* _INSTRUCTIONS TO FOLLOW_
Each line of data below is to be returned exactly, leaving out any picture.

* _RECORDED DATA_
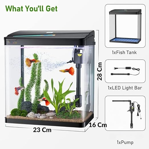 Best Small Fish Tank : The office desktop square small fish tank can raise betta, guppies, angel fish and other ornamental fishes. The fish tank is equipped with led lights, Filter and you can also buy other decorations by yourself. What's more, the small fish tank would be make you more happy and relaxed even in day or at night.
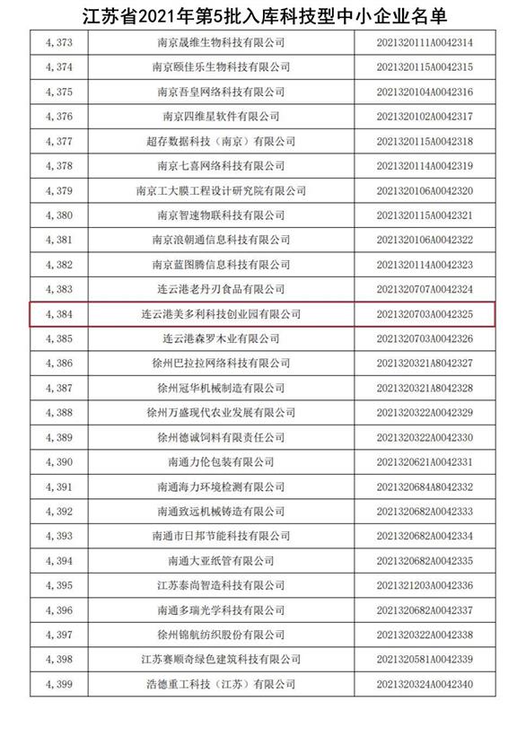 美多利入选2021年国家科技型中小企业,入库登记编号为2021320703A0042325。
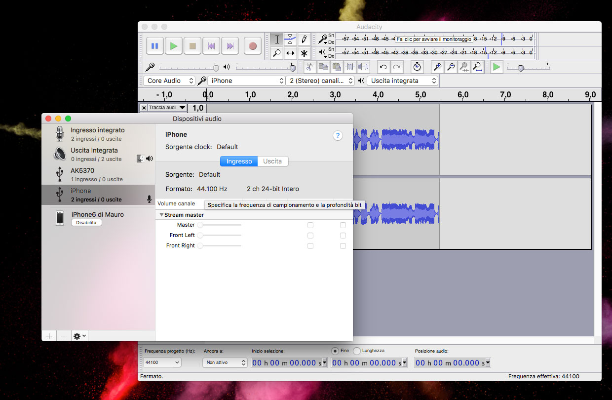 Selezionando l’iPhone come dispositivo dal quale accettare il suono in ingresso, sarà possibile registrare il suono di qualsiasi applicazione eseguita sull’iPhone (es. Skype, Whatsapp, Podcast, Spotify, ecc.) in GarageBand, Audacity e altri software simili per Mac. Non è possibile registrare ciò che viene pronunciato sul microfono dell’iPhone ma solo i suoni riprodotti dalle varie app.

* _EXERCISE RESULT_
 Best Small Fish Tank : The office desktop square small fish tank can raise betta, guppies, angel fish and other ornamental fishes. The fish tank is equipped with led lights, Filter and you can also buy other decorations by yourself. What's more, the small fish tank would be make you more happy and relaxed even in day or at night.
 美多利入选2021年国家科技型中小企业,入库登记编号为2021320703A0042325。
 Selezionando l’iPhone come dispositivo dal quale accettare il suono in ingresso, sarà possibile registrare il suono di qualsiasi applicazione eseguita sull’iPhone (es. Skype, Whatsapp, Podcast, Spotify, ecc.) in GarageBand, Audacity e altri software simili per Mac. Non è possibile registrare ciò che viene pronunciato sul microfono dell’iPhone ma solo i suoni riprodotti dalle varie app.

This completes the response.